Use this tab to select the text of the tags to be shown. 'Morphology/Topic/User/Clues' serve the separate built-in tag groups. Some tag display texts are quite boring and you could switch them off.
'Show Repeated Tags' if not set, will remove the sequentially repeated tags.
'Tag Names' means "show display names of tags". 'Tag Codes' means "show the codes of tags".

3.4 Filters

This tab shows and allows to select any of the tags included in the dictionary as filters for the words and clues. The tags are presented by the codes and the display text (as created by CPT Word Lists). Since there are 4 groups of tags ('Morpho', 'User', 'Topic', and 'Clues'), the filtering is done in two steps: the first is in a group of tags and the second is in total (for all groups).
In a group: if a tag is not selected, the word/clue having this tag will be marked as 'bad'.
In total: if a word/clue has at least one 'bad' mark, it will be excluded from the search/browse list.

In simple words, you can do global queries via the tag filters. For example, open the 'smile.dic' dictionary. In the dialog 'Display Options' select 'Browse Style' and 'Words' in 'Style' tab, and the tag 'miniatures' only from 'Morphology Tags' in 'Filters' tab, and you will get the words of one or two characters only in the display list.

'Select All' button can be used to select all items in the current list. 'Ignore Unselected npt/bpt' is used when the list contains npt type and bpt type tags. If you need to select tags, let's say, from bpt group only, you can check the box and this will mean "ignore the unselected from the other group". If not checked the filter will skip the words having unselected tag from npt group even if it has the selected bpt tags.

3.5 Length

This tab is for additional filters. Only the words having the selected word length will be shown.

'Select From List' will enable the list box and you can select exactly the lengths you wish.
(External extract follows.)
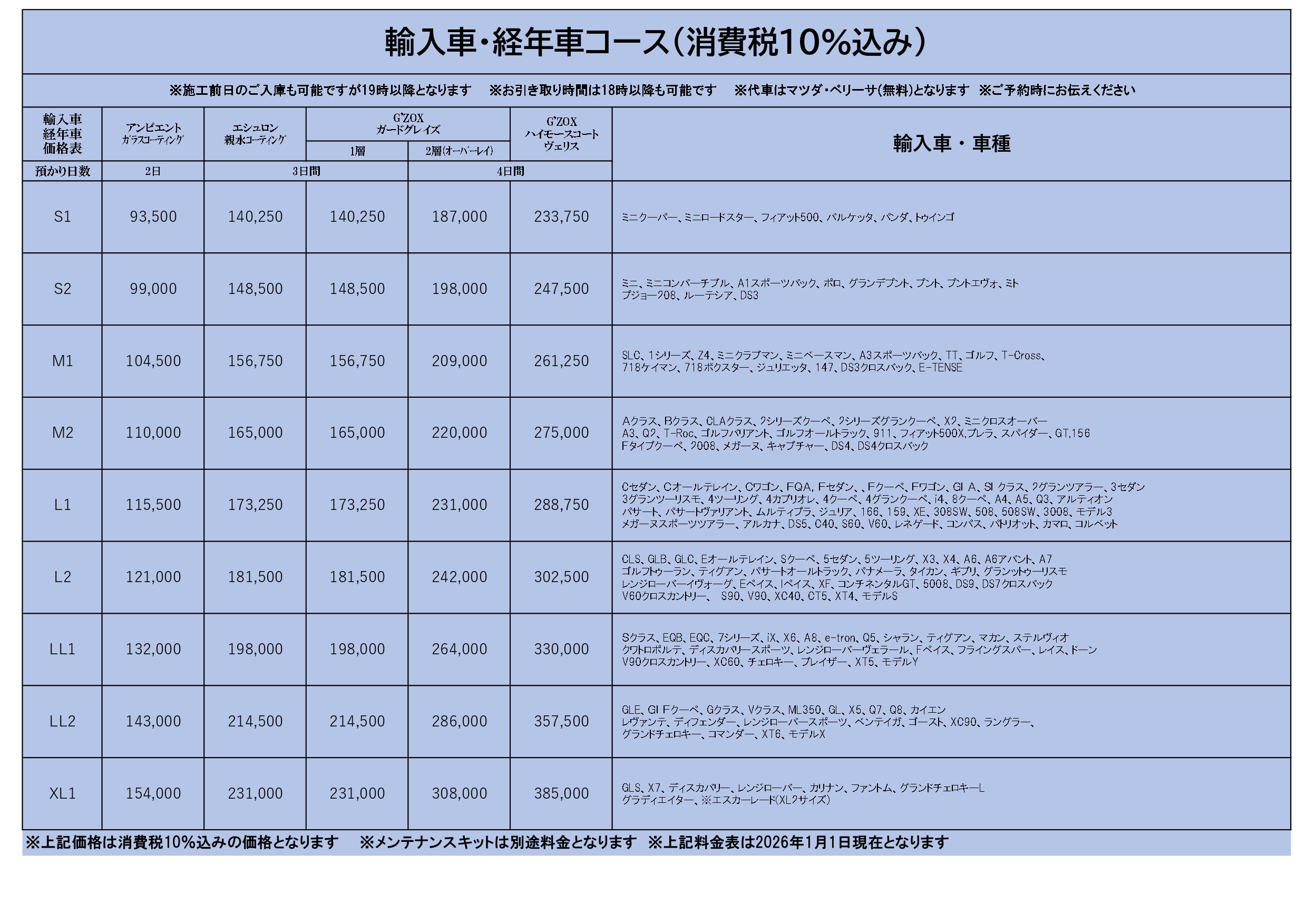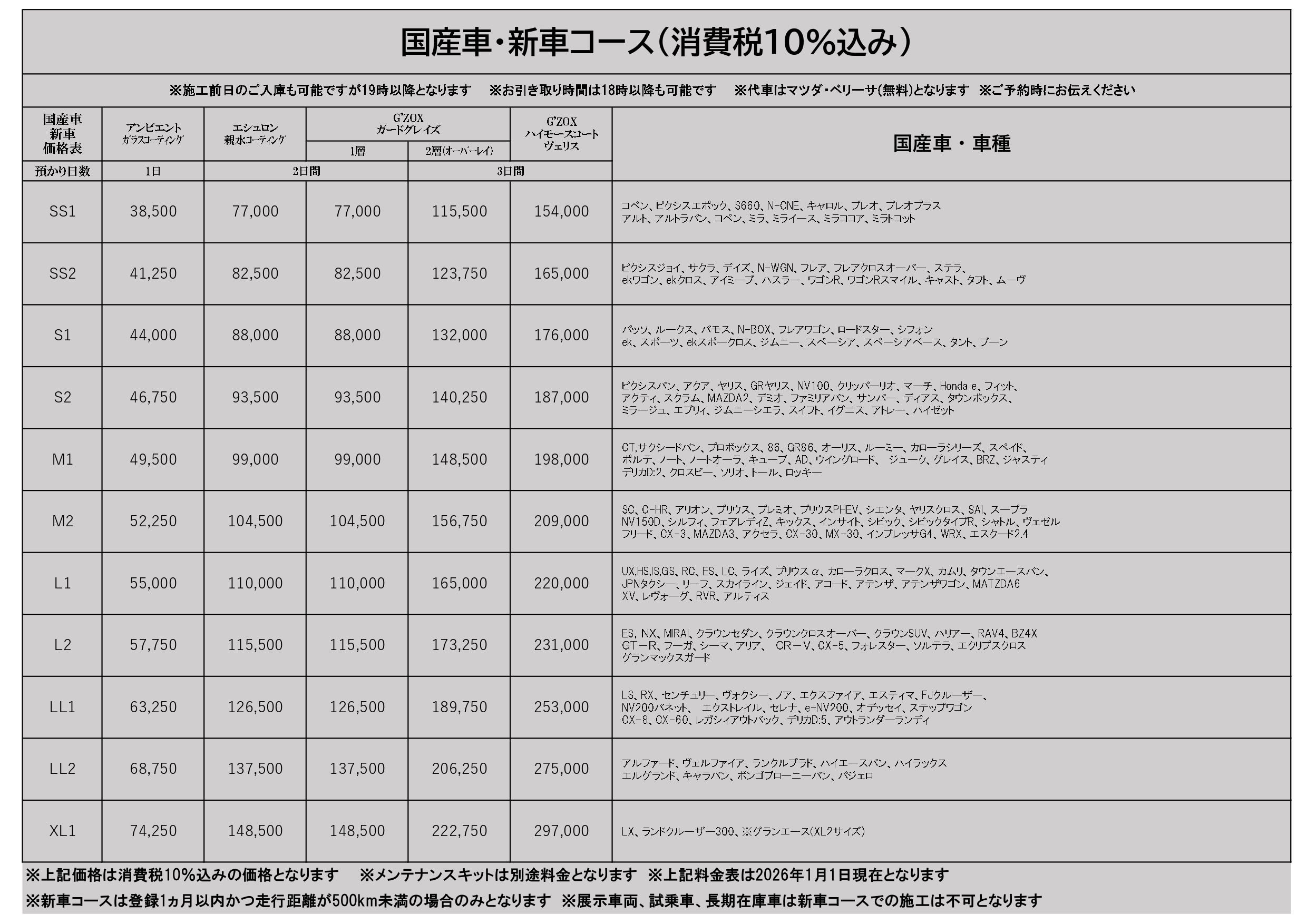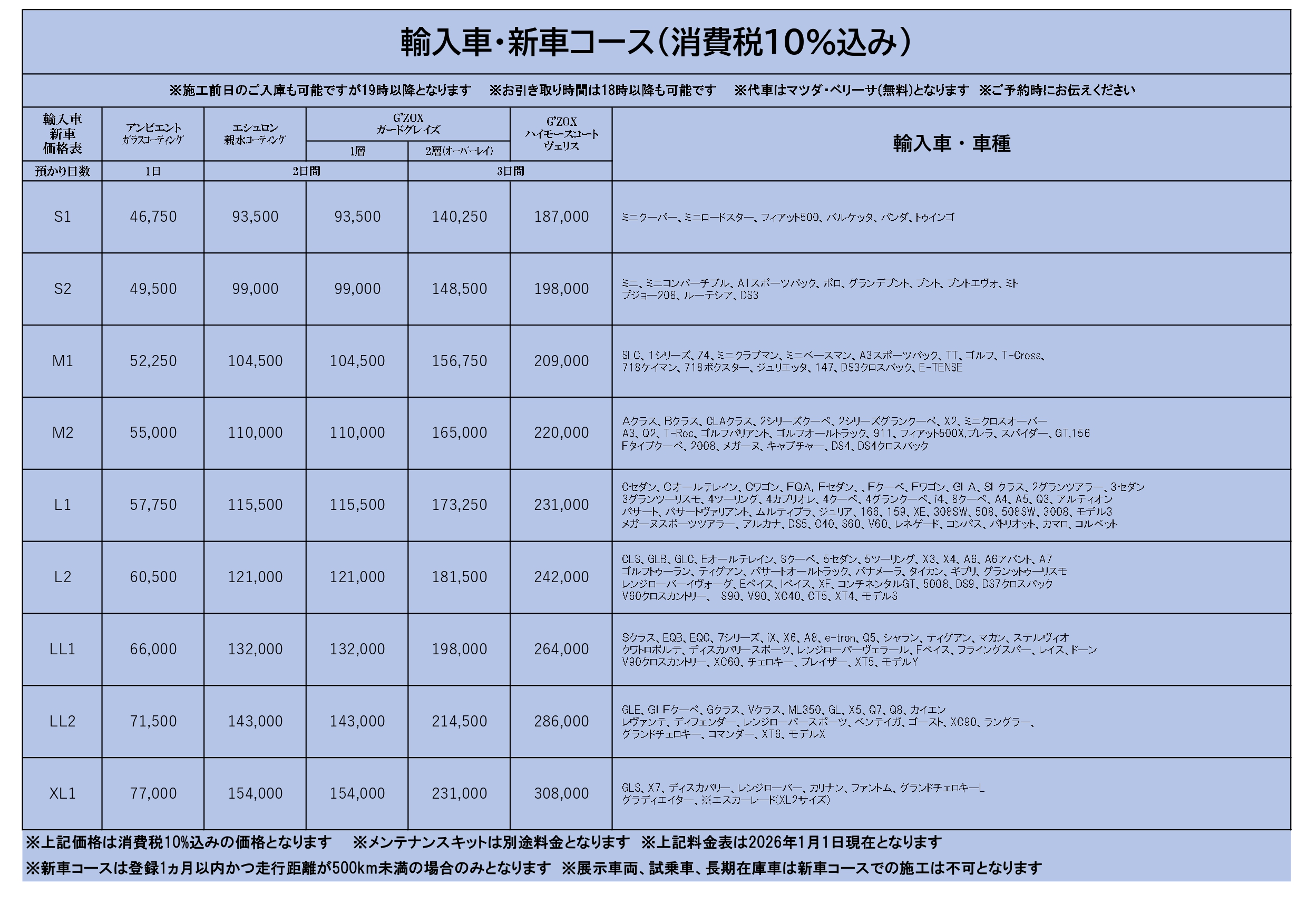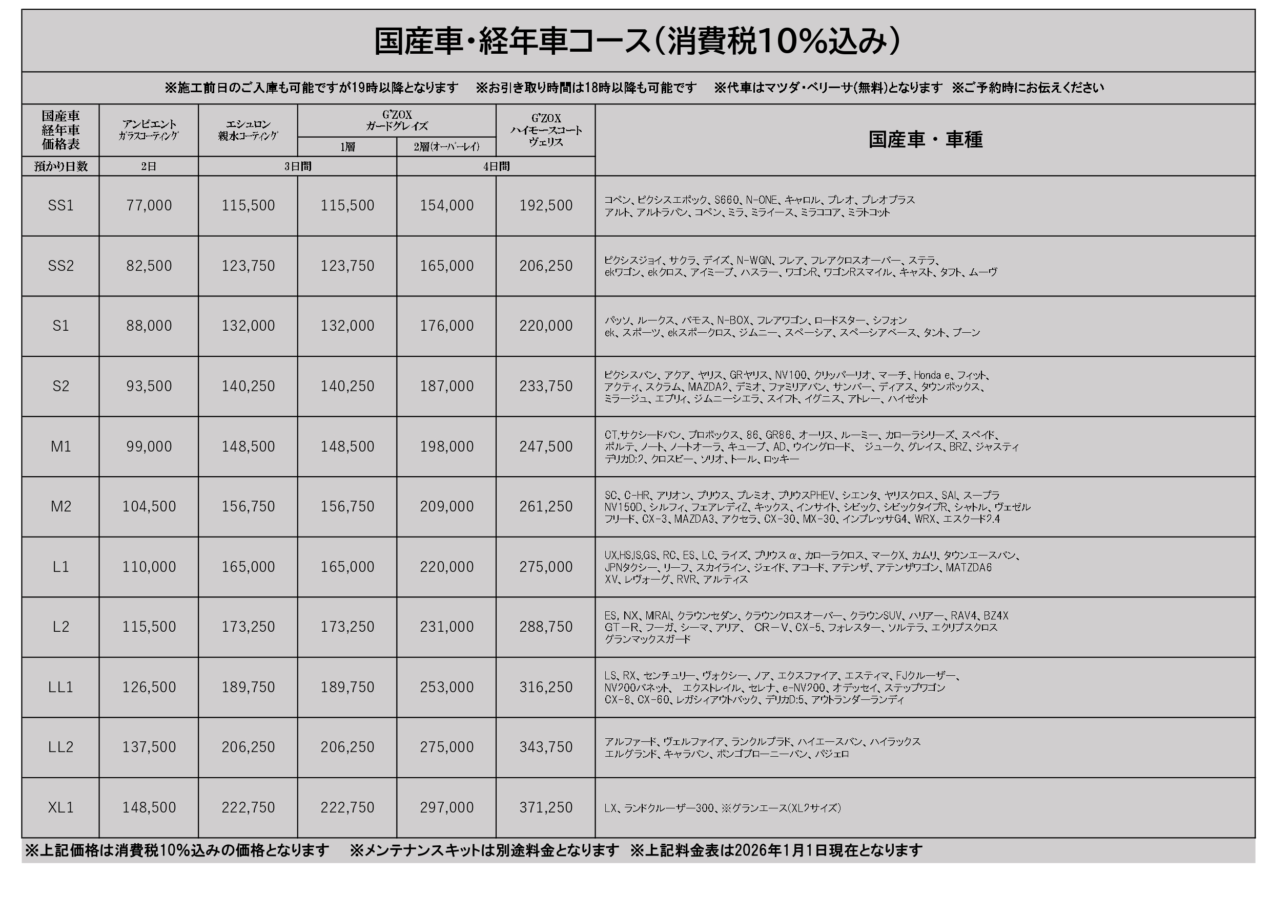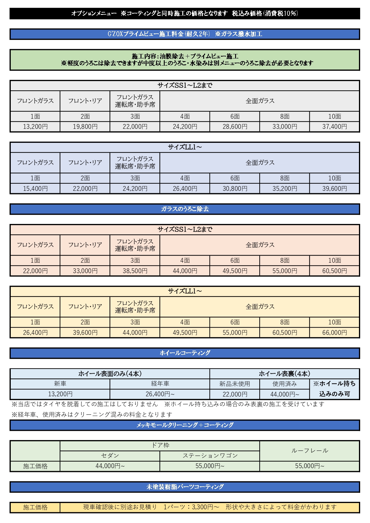 | お願い | カーディーラーに出張施工に行くため留守にすることが多々あります。 事務所(朝霞市)にいる場合もあります ご来店前に電話にてご連絡ください。 |

Just to remind that you can do multiple selection via the mouse and Ctrl key pressed.
'All' means no length filters. The rest of radio buttons from '<7' to '>=33' can be used to select a range of lengths.


4. Search Text Field

This is the field in the center of the top window bar. Here you can enter a word to search for. Simple regular expressions, bidi, and Unicode notation are supported (if not disabled). Note that the searching is for words, not strings. For example, in 'Search Clues' mode, to find an entry containing "word", you have to enter the regular expression "*word*", or in 'Search Words' mode, to find the word "word" the pattern "word" is OK. To switch off the regular expressions, use the 'Input' tab in 'Search Options' dialog.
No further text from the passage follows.